От недостатка воды и зноя вскоре начался падёж коней. Первыми пали боевые рыцарские кони, пришедшие из Европы. Многим рыцарям, лишившимся лошадей, пришлось тащиться пешком. Снаряжение и доспехи перегрузили на повозки, которые везли волы, а там, где волов не хватало, впрягали овец или коз.
Я не раз и не два благодарил своего оруженосца, выбравшего мне подходящего коня.
Султан, как и обещал Пако, не ведал усталости. Там, где кони европейских пород падали замертво, он бодро шёл вперёд, и только клочья пены на удилах и бисеринки пота на атласной шкуре показывали, что и этому выносливому, привычному к местным условиям скакуну приходится нелегко.
В эти дни я впервые в полной мере осознал, что для голодного нет чёрствого хлеба, а для мучимого жаждой невкусной воды.
Простая ячменная лепёшка и кружка тёплого, солоноватого питья – вот о чём я мечтал, укладываясь спать на жёсткое походное ложе.
На жгучем солнце и хлёстких ветрах мои волосы, прежде имевшие светло-каштановый оттенок, выцвели и сделались почти белесыми, а кисти рук почернели, как у турка, кожа на щеках задубела, лоб прорезали две глубокие складки. Я словно постарел на десять-пятнадцать лет.
Впрочем, все вокруг выглядели усталыми и измученными.
Мы то и дело вступали в стычки с местными племенами, отражали наскоки турецких всадников. Они появлялись внезапно и молниеносно исчезали среди песков, оставляя за собой тела наших воинов, пробитые чёрными стрелами и изрубленные кривыми мечами…
Близ Гераклеи состоялась ещё одна большая битва с сельджуками.
Мы снова одержали в ней победу и вышли к хребту Антитавра, который проводники-греки называли «горами дьявола».
Но не зря говорят, что нельзя всуе поминать нечистого. Не успели мы войти в горы, как начались нескончаемые дожди. Горные тропинки размыло. Двигаться по ним стало смертельно опасно.
Я видел однажды, как в бездну сорвалось несколько лошадей и мулов, связанных одной верёвкой. Падая, они увлекли за собой повозку и людей.

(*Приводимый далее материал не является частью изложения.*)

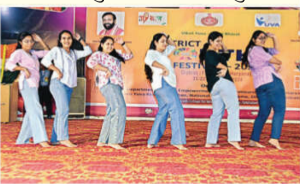
कामना की और कहा कि प्रतियोगिताओं के माध्यम से युवा चर्चानित होते हुए राष्ट्रीय युवा महोत्सव में भाग लेकर जिला व देश का नाम रोशन करें।

फतेहाबाद, नवंबर : युवा अधिकारिता एवं उद्यमिता विभाग, हरियाणा द्वारा आयोजित जिला स्तरीय युवा महोत्सव का दो दिवसीय कार्यक्रम राजकीय महिला महाविद्यालय, भोंडिया खेड़ा के सभागार हाल में आयोजित किया गया। जिला स्तरीय युवा महोत्सव में राज्यसभा सांसद सुभाष बराला ने बतौर मुख्यतिथि शिरकत की और दीप प्रज्वलित कर कार्यक्रम का शुभारंभ किया। इस महोत्सव में प्रतिभागियों द्वारा हरियाणवी वेशभूषा में रंगारंग सांस्कृतिक कार्यक्रमों की प्रस्तुति दी। उपस्थितजनों ने तालियों की गड़गड़ाहट से प्रतिभागियों का हौसला बढ़ाया। इस मौके पर मुख्य अतिथि राज्यसभा सांसद सुभाष बराला ने युवा शक्ति को अपने जीवन में अनुशासन का पालना करने हेतु प्रेरित किया। उन्होंने कहा कि यदि हम अपनी लोक संस्कृति से जुड़कर रहेंगे तो समाज और देश के अच्छे नागरिक बन पाएंगे। सांसद ने कहा कि हमारी भारतीय संस्कृति दुनिया की सर्वश्रेष्ठ संस्कृति है। उन्होंने कहा कि युवाओं को सांस्कृतिक व खेलकूद गतिविधियों में बढ़ चढ़कर भाग लेना चाहिए। इन सभी गतिविधियों में भाग लेने से युवाओं का सर्वांगीण विकास होता है। उन्होंने सभी प्रतिभागियों के उज्ज्वल भविष्य की
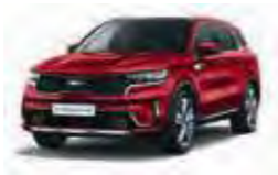
Runwayrot Metallic (CR5)
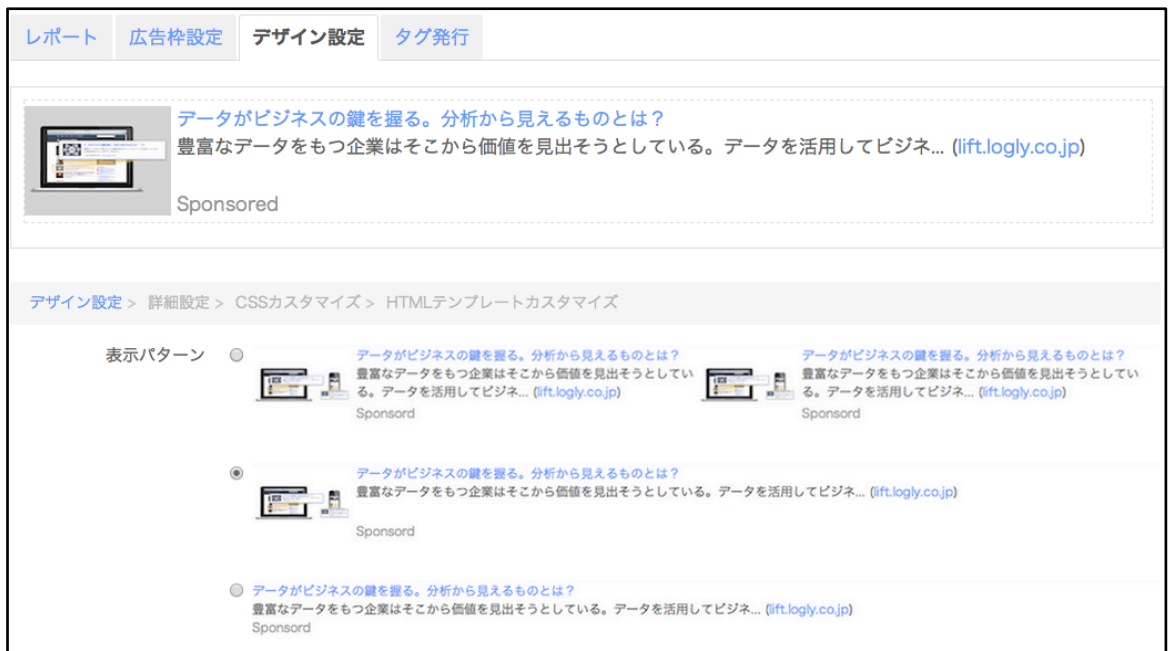
デザイン設定画面
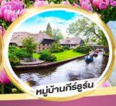
หมู่บ้านกีร์ธูร์น
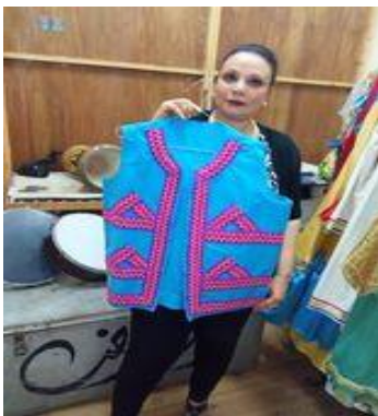
شكل (٥٧) صداري نوبي باللون الازرق

Путь по каменистым уступам наверх казался нескончаемым. Многие из воинов, обессилев, побросали свои доспехи и щиты. Свирепые ветры и стужа пронизывали нас до костей. Начались болезни. Они уносили каждый день десятки жизней…
Но, к моему великому изумлению, в нашем войске царило воодушевление.

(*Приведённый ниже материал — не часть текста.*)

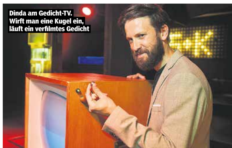
Dinda am Gedicht-TV. Wirft man eine Kugel ein, läuft ein verfilmtes Gedicht

Schon als kleines Kind fing er an, Dinge selbst zu bauen. „Meine Mutter ist Pfarrerin. Ich war von Anfang an der Hausmeister, musste mich um die Sachen im Pfarrhaus kümmern. Und wenn du schon als zehnjähriger mit Stichsäge und Schlagbohrer arbeitest, dann verlierst du schnell die Hemmungen vor echtem Handwerk. Davon profitiere ich mittlerweile. Mein Beruf erlaubt mir, unterschiedlichste Dinge anzupacken. Ich habe mir nie Grenzen gesetzt, meinen Horizont zu erweitern.“
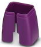
Farbmarkierung für Patch-Kabel, violett

Farbmarkierung - FL PATCH CCODE VT - 2891990
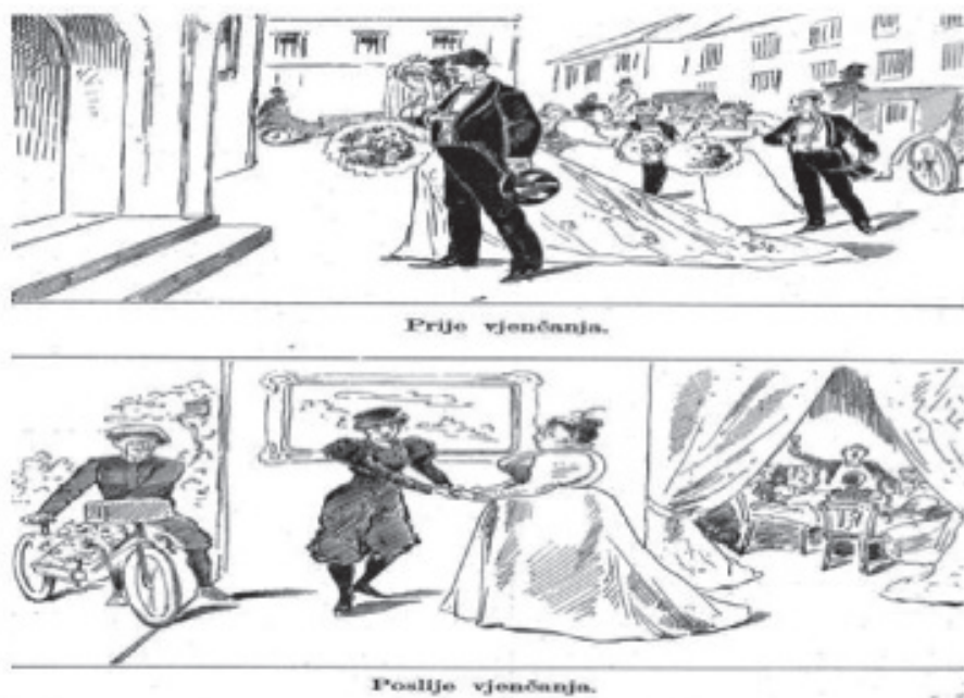
Slika 14: Trn (Zagreb), god. IX., br. 11., 5. VI 1899., 12.
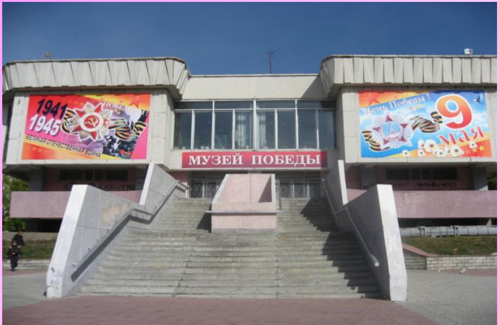
Музей Победы г. Ангарск.
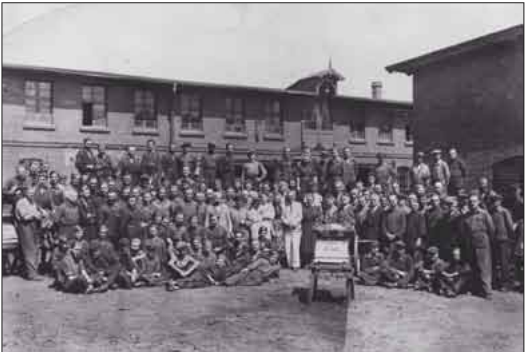
Fotografia załogi z 1943 roku.
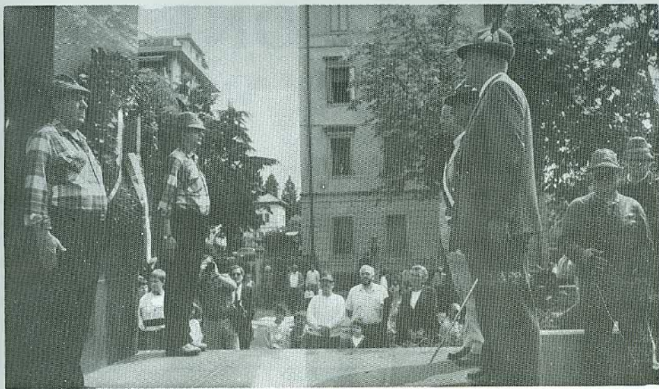
Atto primo: onore ai Caduti alla stele di viale Fantuzzi.
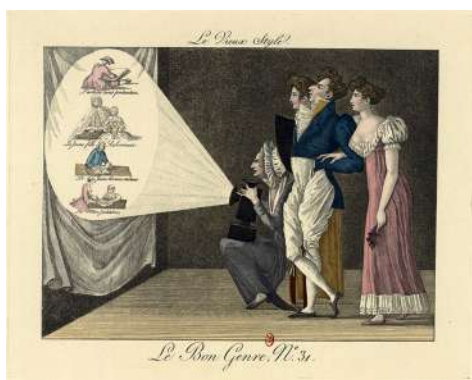
Lanterne magique Caricature dans Le Bon Genre , 1801
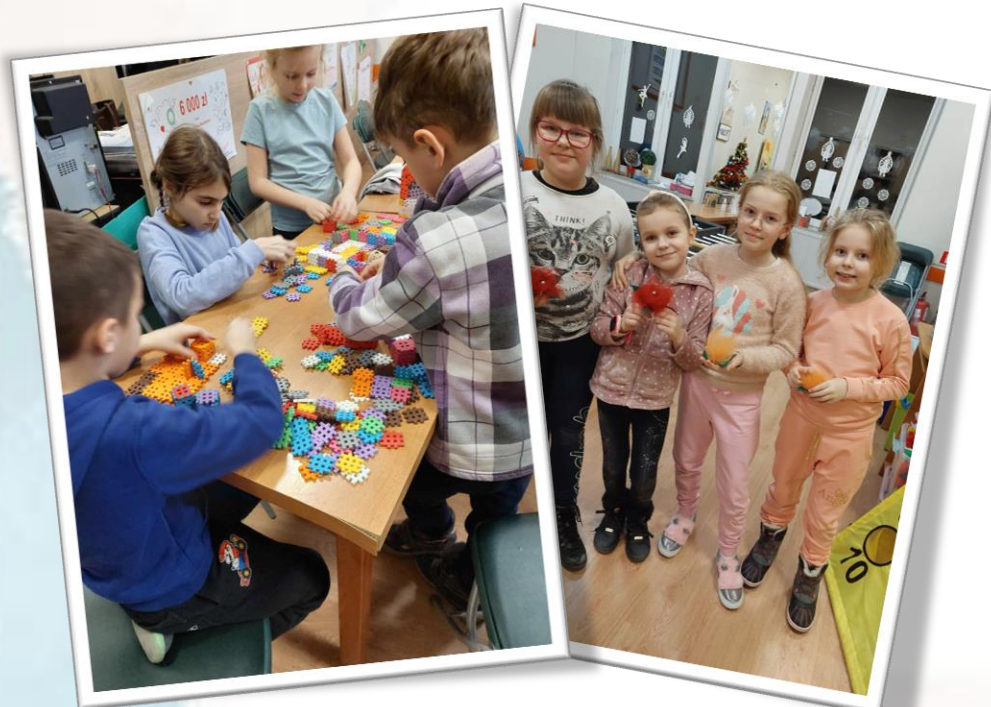
☀ Towarzystwo Przyjaciół Dzieci Świetlica „PROMYK” ul. Podchorążych 4a, 68-200 Żary

W roku 2023 na terenie naszego miasta funkcjonowały cztery świetlice środowiskowe, w których zabezpieczono 103 miejsca. Dzieci otrzymały pomoc w nauce. Miały okazję do wspólnej zabawy oraz integracji. Brały udział w zorganizowanych zajęciach rozwijających własne zainteresowania. Łącznie na ten cel przeznaczono 148 921,00 zł.
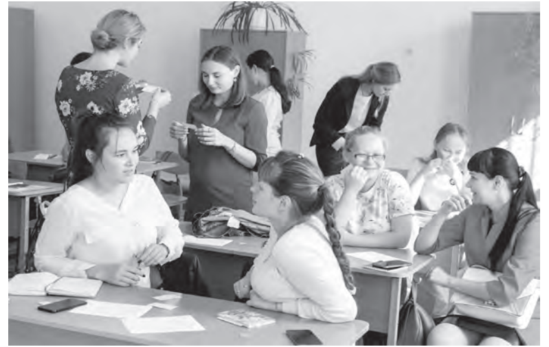
На форуме «Новая волна» в школе № 15 состоялась встреча молодых педагогов

С 2019 года в 9-х классах планируется проведение итогового собеседования по русскому языку как допуска к ГИА.
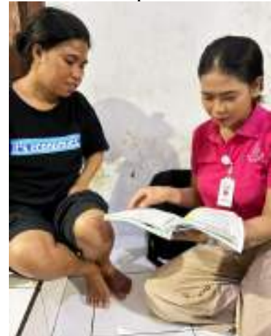
Pemberian KIE menggunakan buku KIA saat kunjungan rumah
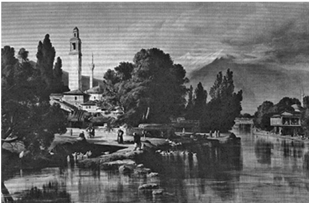
Сл. 2, Едвард Ли'р, панорама на градот, 1848

Албанија во 1466, а Бајазит II во 1492 остана во градот три дена, кога еден непознат хајдари-дериш се обиде да го убие 13 .
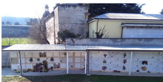
Alcuni dei nuovi loculi realizzati al Cimitero

• MESSA A NORMA DELL'ARCHIVIO DEL PALAZZO MUNICIPALE (installazione porte antincendio, revisione e manutenzione impianti elettrici ed antincendio, posa segnalatori di fumo) – Investimento complessivo € 15.000.
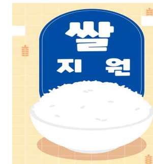
< 점심식사 쌀 지원 >
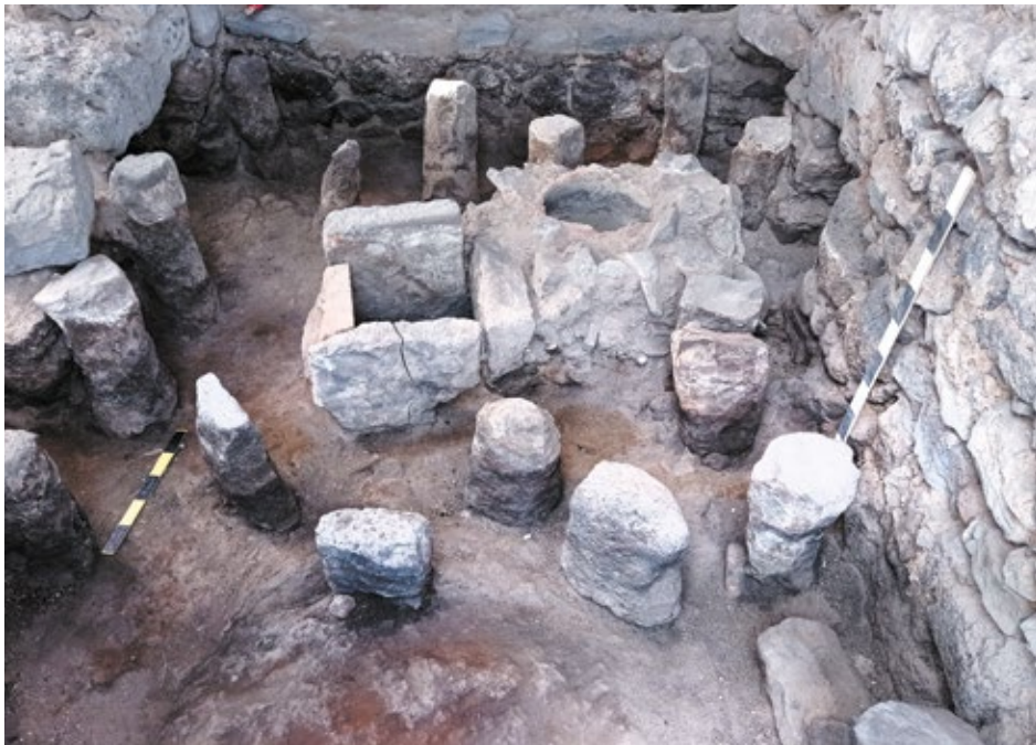
Նկ. 3. Առաջին բաղնիքի լողասրահում բացված հիպոկաուստ հատակի հենասյուները

լայնքով), որով, փաստորեն, եռացած գոլորշին արևելյան բաժնից անցել է արևմտյան բաժին:

Воины еле передвигали ноги, но поддерживали друг друга, говоря:
– Мы уже на земле Сирии! Мы не проиграли ни одного сражения…

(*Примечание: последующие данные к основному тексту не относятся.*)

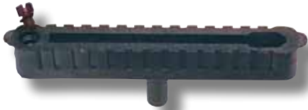
#302 boîtier court 8" ventilé avec vis
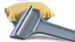
Téli autóápolási készlet
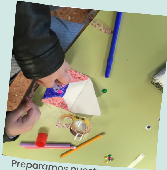
Preparamos nuestro sobre para montar el "Buzón secreto"
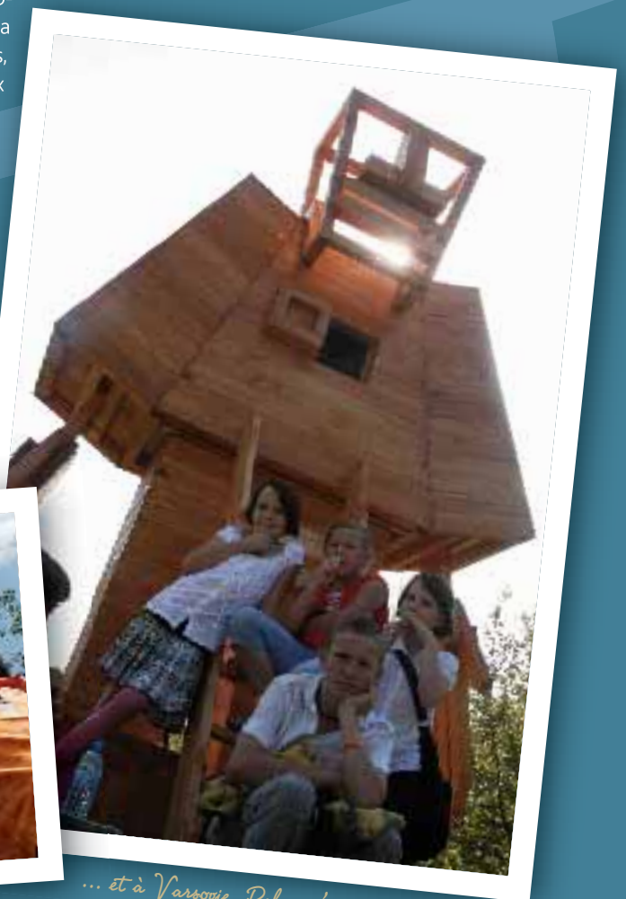
... et à Varsovie, Pologne'
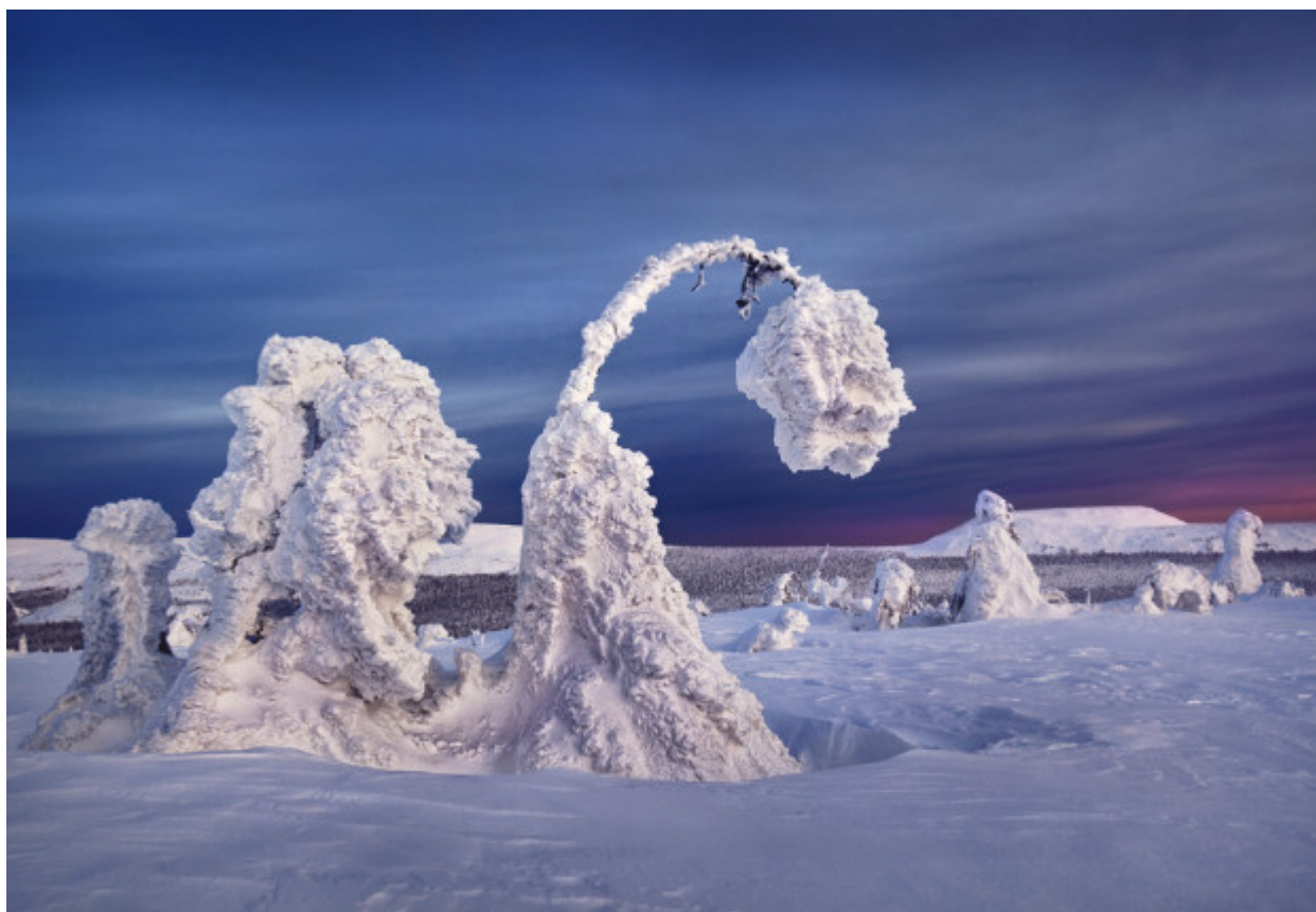
Υπάρχουν μέρη στη Ρωσία, με τόσο χαμηλές θερμοκρασίες που ακόμα και η βότκα παγώνει.

– Да! Если от нас бежала армия непобедимого султана Кылыч-Арслана, неужели нас остановят какие-то горы?
Слушая их, я тоже утверждался в благополучном исходе нашего Крестового похода: «А ведь правда! Господь на нашей стороне! Мы, несмотря ни на что, идём вперёд. Ещё немного усилий, и преодолеем этот проклятый перевал. Остаётся рукой подать до сирийской столицы. Милостью Божьей, мы непременно возьмём и Антиохию. А там один за другим освободим все сирийские города от „неверных“ и, наконец, победоносно завершим наш поход в Иерусалиме…»
5
В октябре 1097 года от Воплощения Господнего мы вступили в долину реки Оронт и приблизились к Антиохии.
Поначалу всё складывалось весьма успешно. Посланный графом Раймундом авангард с ходу захватил Железный мост через реку. Мы переправились и встали лагерем у стен сирийской столицы, заняв место от Собачьих ворот до Корабельного моста.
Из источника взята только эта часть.